## EXERCISE:
Pictures are to be dropped, and only the lines from the one containing "Grup toplantısını Nusaybin’de" through the end of the data below are to be reproduced as written.

☆ ☆ ☆ ☆ ☆ ☆ ☆

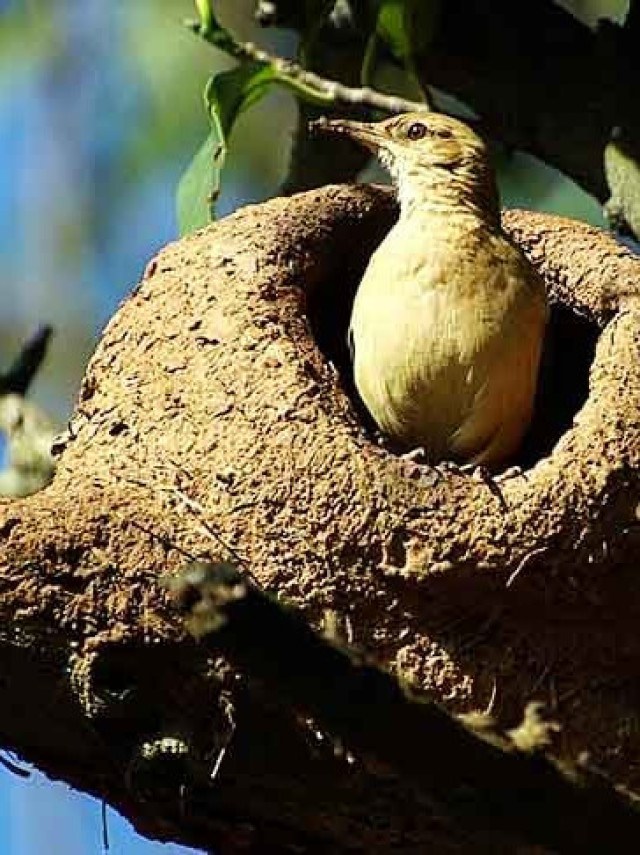 João-de-barro (Furnarius rufus): Famoso por construir seu ninho de barro em formato de forno, com uma entrada voltada para baixo, o que ajuda a proteger do clima e de predadores.
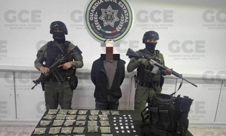 GUARDIA CIVIL ESTATAL RECUPERA VEHICULOS CON REPORTE DE ROBO Y MÁS DE 60 DOSIS DE DROGA; HAY UN DETENIDO
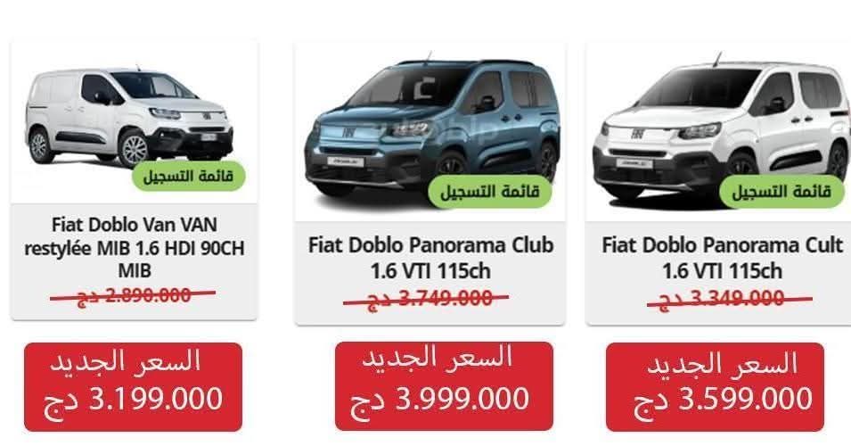 ● Fiat Doblo Panorama Cult 1.6 VTI 115ch : passe de 3.349.000 DZD (334,9 millions de centimes) à 3.599.000 DZD (359,9 millions de centimes).
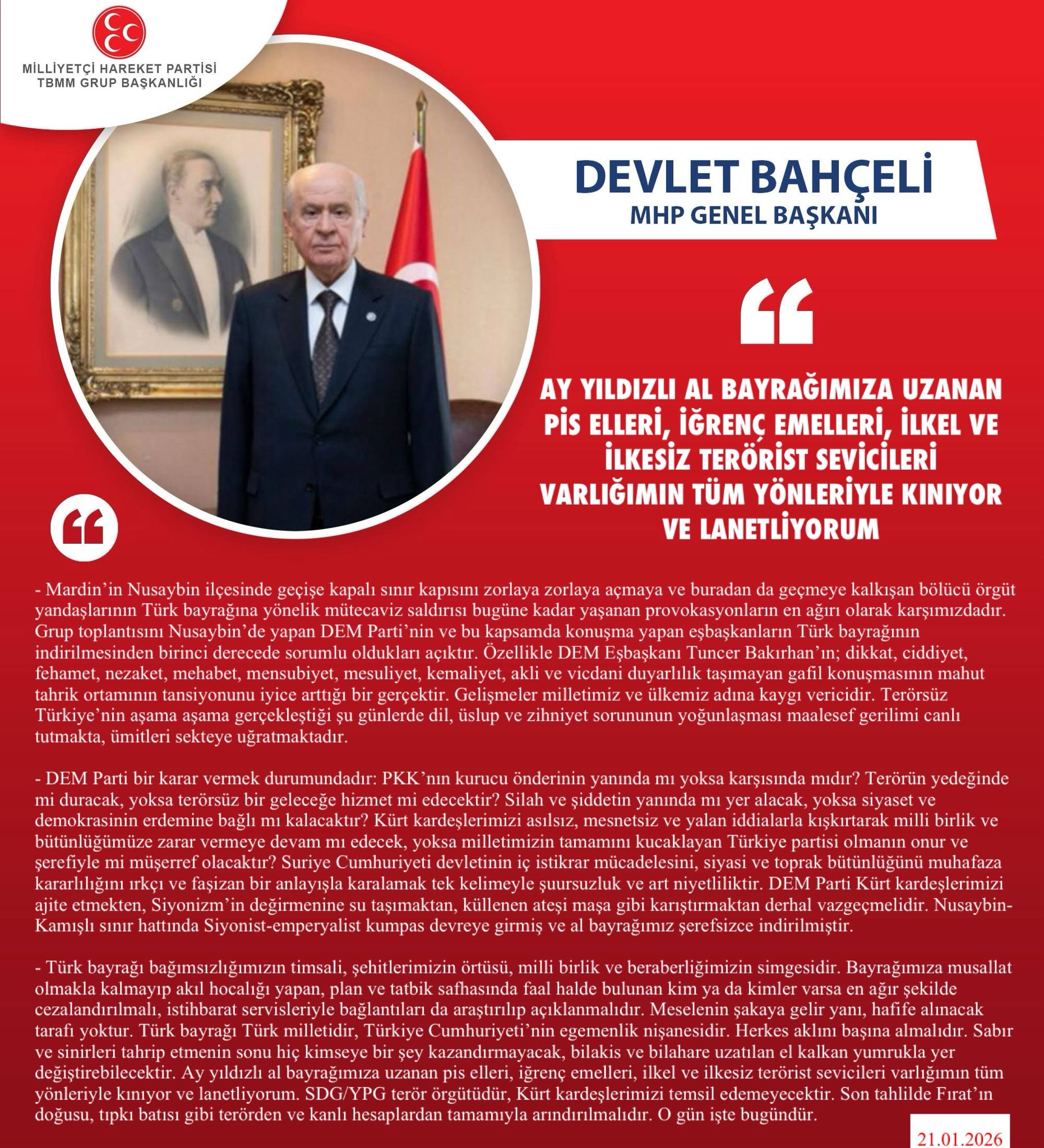 Grup toplantısını Nusaybin’de yapan DEM Parti’nin ve bu kapsamda konuşma yapan eşbaşkanların Türk bayrağının indirilmesinden birinci derecede sorumlu oldukları açıktır.
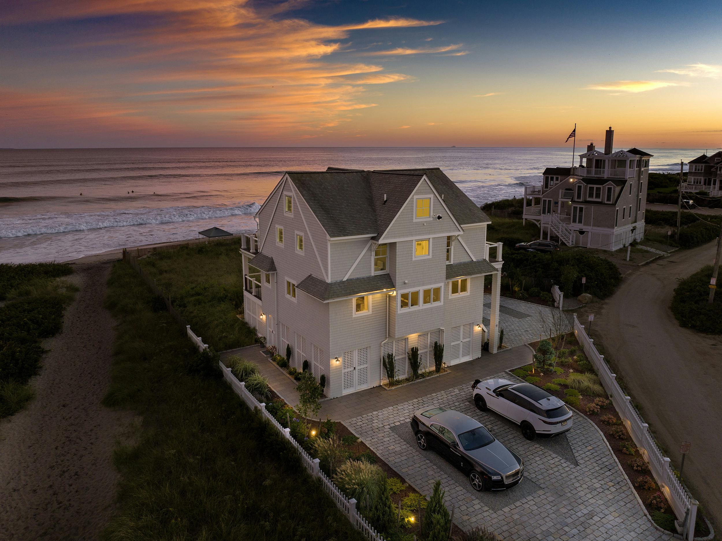 At the edge of the ocean in the desirable Green Hill Beach community, this exceptional shingle-style home appointed with every imaginable amenity awaits. Enjoy expansive ocean views from nearly every window in this four-bedroom, two-and-one-half-bathroom home nestled in the dunes. Walkway access to the white sand beach and some of Rhode Island’s best surfing are just steps from the back deck. In the open-concept main living space, designer décor, built-ins, and lighting are accented by the ultimate touch of whimsy: a custom art woodwork installation in the living room that echoes the snow fence in the dunes beyond. With a gourmet appliance package, wine storage, integrated Sonos AV system, security, bonus 3rd-floor retreat, and an extensive list of recent updates and luxury improvements, this is a truly turnkey opportunity for beachfront living at its finest.
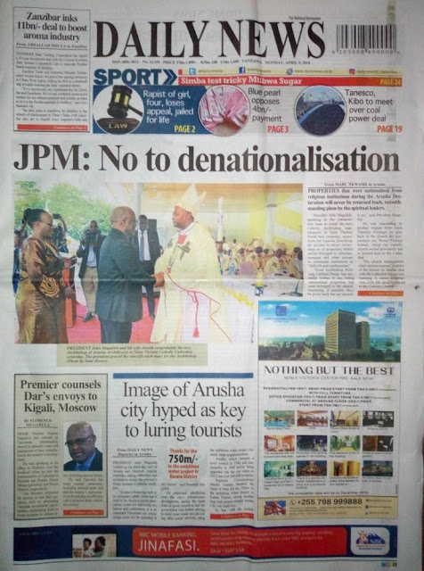 Pata fursa ya kupitia vichwa vya habari vya magazeti ya leo Tanzania, tarehe 09.04.2018.

☆ ☆ ☆ ☆ ☆ ☆ ☆

## ANSWER BELOW:
 Grup toplantısını Nusaybin’de yapan DEM Parti’nin ve bu kapsamda konuşma yapan eşbaşkanların Türk bayrağının indirilmesinden birinci derecede sorumlu oldukları açıktır.
 At the edge of the ocean in the desirable Green Hill Beach community, this exceptional shingle-style home appointed with every imaginable amenity awaits. Enjoy expansive ocean views from nearly every window in this four-bedroom, two-and-one-half-bathroom home nestled in the dunes. Walkway access to the white sand beach and some of Rhode Island’s best surfing are just steps from the back deck. In the open-concept main living space, designer décor, built-ins, and lighting are accented by the ultimate touch of whimsy: a custom art woodwork installation in the living room that echoes the snow fence in the dunes beyond. With a gourmet appliance package, wine storage, integrated Sonos AV system, security, bonus 3rd-floor retreat, and an extensive list of recent updates and luxury improvements, this is a truly turnkey opportunity for beachfront living at its finest.
 Pata fursa ya kupitia vichwa vya habari vya magazeti ya leo Tanzania, tarehe 09.04.2018.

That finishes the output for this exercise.